Discussion on Answer

Abraham (2018-09-25)

Hello, and happy holiday,
As for your question, it seems to me that it would not. A person without a soul is not a person; he is a lump of flesh. But with respect to a human being, the only way to make the flesh functional is the soul, and this is also not a device that has on/off states that can be switched between (more than once – a device is indeed meant to be in an on/off state, and therefore turning it off is also part of its essence).
By contrast, any device that you have finished assembling is hard to define by one energy source out of many. Again, if our imaginary fan were operated manually by a crank that you turn, would you then also forbid using it on the Sabbath because of building?

Abraham

Michi (2018-09-25)

From your question at the end, it seems to me that I wasn’t understood. Obviously operating a fan manually is not building, because the fan itself has not changed. Now one is producing an action from it.
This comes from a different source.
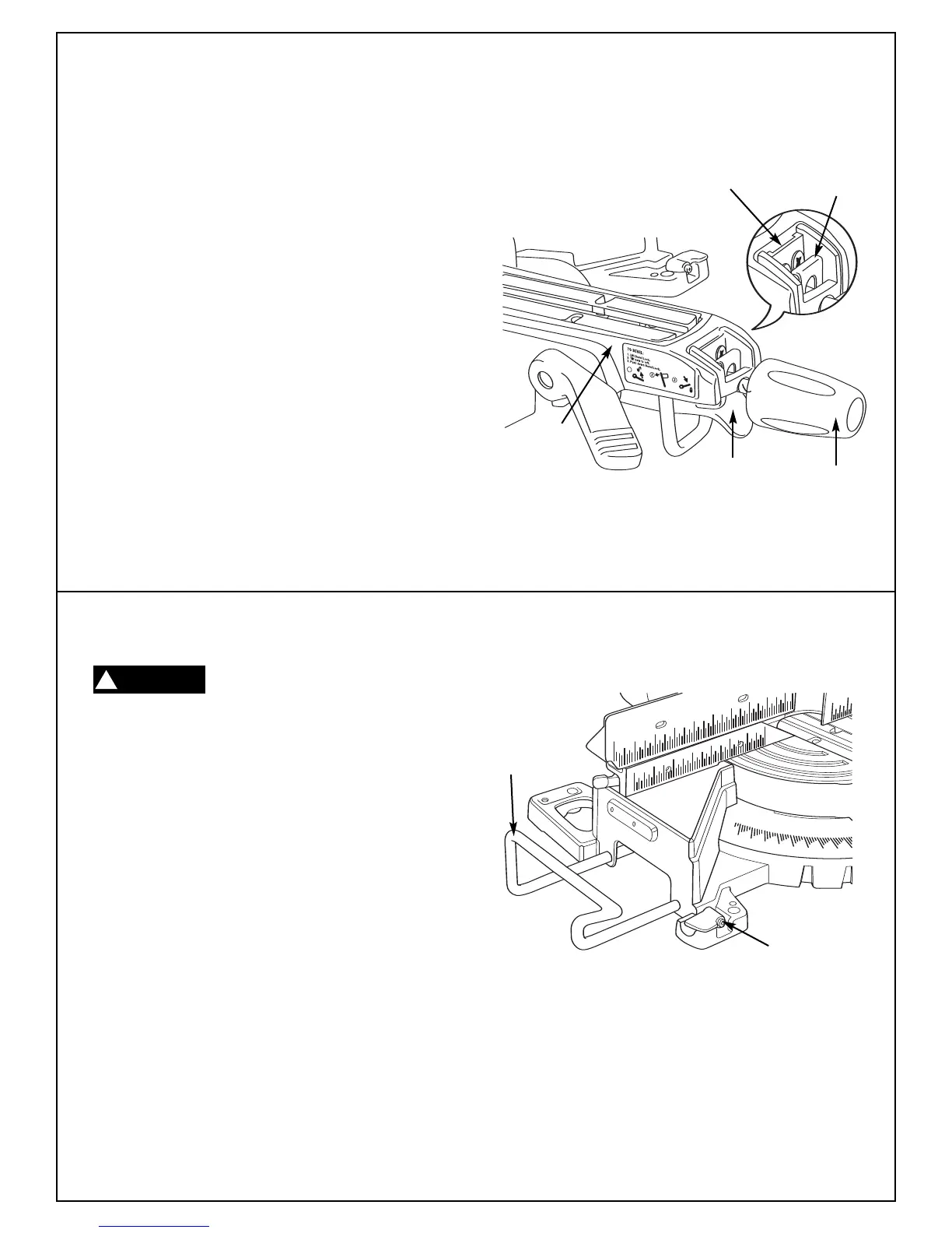 5. Loosen miter lock knob and lift the miter detent

Electrical activation changes it from death to life (= the expression used by the Hazon Ish), like putting a soul into a body.
The claim that this can be done again and again does not seem important to me, although I understand your reasoning. The change is significant each time, and therefore even if it could be turned off and on, it seems to me that there would still be an issue of building here. See Babylonian Talmud Shabbat 47 regarding a collapsible bed, where the amoraim disputed whether it is permitted to connect it on the Sabbath even though it is normally taken apart and reassembled. True, in practice it was ruled that this is permitted (Tur and Shulchan Arukh, sec. 313), but it is explained in the Talmud that according to everyone, if one fastens it tightly it is forbidden (because that is actual building, and not merely returning or activating something that already exists), and so all the halakhic decisors ruled (see there). Returning a soul to a body is like fastening tightly, not like a loose connection.